И А. Воронский, и критики «Перевала» тоже пишут о Булгакове и Волошине. Однако при всей широте эстетических позиций, и их отношение к обоим писателям было далеко от безоговорочного принятия. Опять-таки, они сходятся в оценке того и другого. Вот как отозвался — одним из немногих — А. Лежнев на Космос Волошина, опубликованный, как уже говорилось, в 5 книжке «Недр»:

Лучше других Космос Волошина, род философии истории или, вернее, истории идеологий в стихах. Некоторые характеристики эпох великолепны, — например, характеристика средневековья. Что же касается нашей эпохи, то, по мнению поэта, наука, уничтожив ньютоновско-лапласовскую картину мира, доказала, что

Все относительно:
И бред и знанье.
Срок жизни истин:
Двадцать — тридцать лет —
Предельный возраст водовозной клячи [...]

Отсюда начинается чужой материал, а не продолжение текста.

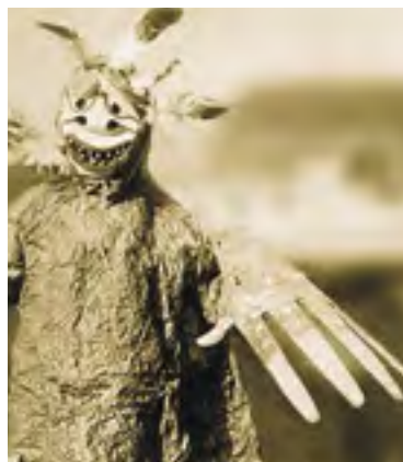
Dřevěná polychromovaná maska aljašského šamana

Přestože mají šamani v mnoha kulturách zcela výjimečné postavení a autoritu, mohou upadnout v nemilost komunity. Důvodem může být neúspěch v léčení, případně nesplnění věštby, díky tomu mohou být v některých kulturách exkomunikováni, potrestáni nebo zabití. Jako případ ze současnosti lze uvést tragické události spojené se zemětřesením na Haiti (2010) a následnou epidemií cholery, která se projevila u desítek tisíc lidí, kteří se nakazili kontaminovanou vodou. Nemoc vyvolala paniku a nenávist vůči šamanům, která pramenila z přesvědčení, že čarodějové a vyznačů kultu voodoo rozšířili cholera očarovaným prachem. Voodoo je na Haiti oficiálním náboženstvím s nejvyšším šamanem, hierarchií mnoha božstev a ustálenými rituály. Víra v sílu černé magie vyvolala paniku a lynčování. Kameny a mačetami bylo zabito, a poté upáleno několik desítek šamanů a čarodějů. Představitelé vlády se snažili trpělivě vysvětlit, že nemoc způsobuje pouze nedostatečná hygiena a nikoli kouzla.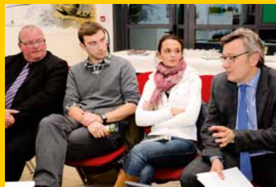
L'évolution de la médecine générale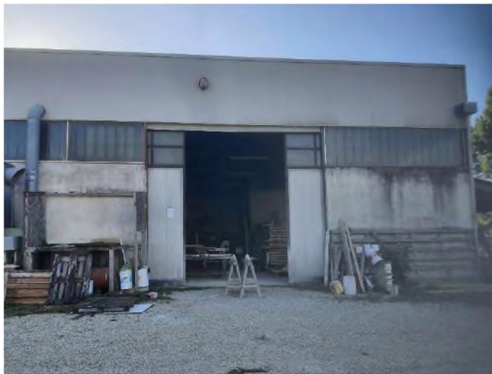
Accesso carraio lato Nord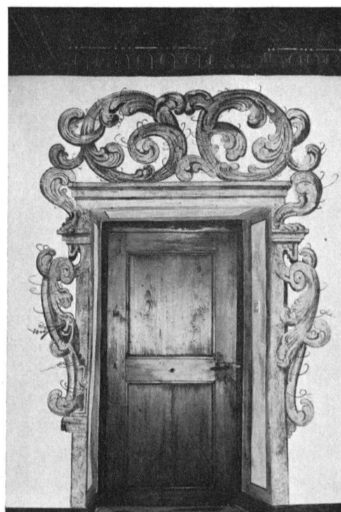
Riehen, Lüscherhaus. Eingangshalle. Gemalte Türumrahmung vor und nach der Restaurierung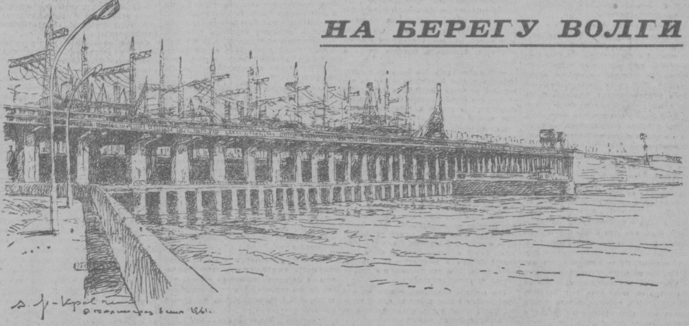
Волжская гидроэлектростанция имени XXII съезда КПСС. Рисунок специального корреспондента «Правды» заслуженного деятеля искусства Литовской ССР А. Я. Нравченко.

Эго, конечно, не так. Утверждения М. Волошина сводятся к тому, что мир — только наше представление, или, если и существует, — непознаваем. Утверждение далеко не новое и высказывавшееся в эпоху господства теорий Ньютона — Лапласа. Современная наука исключает такого рода философии18.

Как видим, Лежнев был совершенно категоричен в том, что касалось осмысления современности. Наука (читай: марксистская), в которую он свято верил, должна была, по мысли критика, объяснить и обосновать справедливость переустройства мира. Никакой иной взгляд не признавался имеющим право на существование. Так давала знать о себе методология даже лучших наблюдателей литературного процесса 1920-х годов: тот способ мышления, на который Лежнев признавал право Волошина в отношении средних веков и всех других эпох, не мог быть применен в отношении современности. В масштабе же мышления Волошина, без преувеличения планетарном, современность никак не могла быть возведена в абсолютную степень.

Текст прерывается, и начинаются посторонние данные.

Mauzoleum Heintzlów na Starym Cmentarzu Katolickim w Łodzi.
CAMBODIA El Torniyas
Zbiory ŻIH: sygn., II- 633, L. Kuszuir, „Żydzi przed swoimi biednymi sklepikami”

В 1925 году Лежнев отозвался о Белой гвардии — достаточно осторожно, заметив, что «в трактовке действующих лиц автор старается подражать Льву Толстому, изображая своих офицеров ни негодяями, ни героями [...]»19; он мягко попенял Булгакову за поэтизацию персонажей и оставил вопрос об «идеологической перспективе» романа до завершения его публикации.

А в статье 1924 года Заметки о журналах А. Лежнев, касаясь изданий «Россия» и «Русский современник», пишет о Волошине так:

Есть у нас такие специалисты по патриотическим истерикам, сделавшие из «любви к родине» профессию. Секрет их производства несложен: «стиль рюсс» да немножко достоевщины, да немножко от Блока, да демонстрация собственного душевного благородства. В таких стихах есть всегда специфический привкус, специфическая окраска. У М. Волошина она особенно сильна. Современная Россия, возникшая в революции, представляется ему гулящей, беспутной, и он не жалеет красок для изображения ее «непотребства» [...]20.

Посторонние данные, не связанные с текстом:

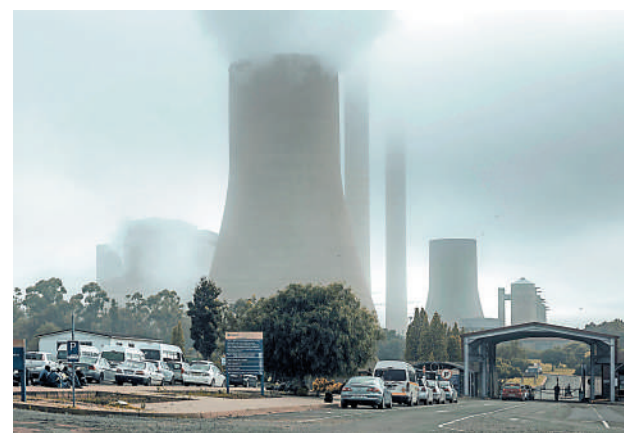
業發放援助，並優先保障醫院、污水處理廠等關鍵基礎設施免於停電。拉馬福

拉馬福薩9日在開普敦市市政廳發表2023年度國情咨文時說，國家災難管理中心將電力危機及其影響確定為一場災難；在國家災難狀態下，南非將向食品生產、存儲和零售供應鏈中的企

Критик цитирует стихотворение Русь гулящая, но оставляет его даже без комментария, настолько собственное возмущение кажется ему праведным в отношении Волошина. И, конечно, Булгакова он также зачисляет в правый фланг в литературе.

Булгаков — писатель молодой, начавший писать лишь в советскую эпоху. Его бойкий талант, фрондерство и испуг рецензентов создали ему большую известность. Он остроумен, иногда зол, но редко выходит за пределы фрондерства, — зубы его не оставляют глубоких следов21.

Этого, однако, было достаточно, чтобы через два года, когда ту же характеристику А. Лежнев повторил в совместной с Д. Горбовым книге Литература революционного десятилетия, получить отповедь, в 1929 году граничившую уже с политическим доносом. По мысли оппонента перевальцев, назвать Булгакова лишь «фрондером» значит дать ему слишком мягкую характеристику22.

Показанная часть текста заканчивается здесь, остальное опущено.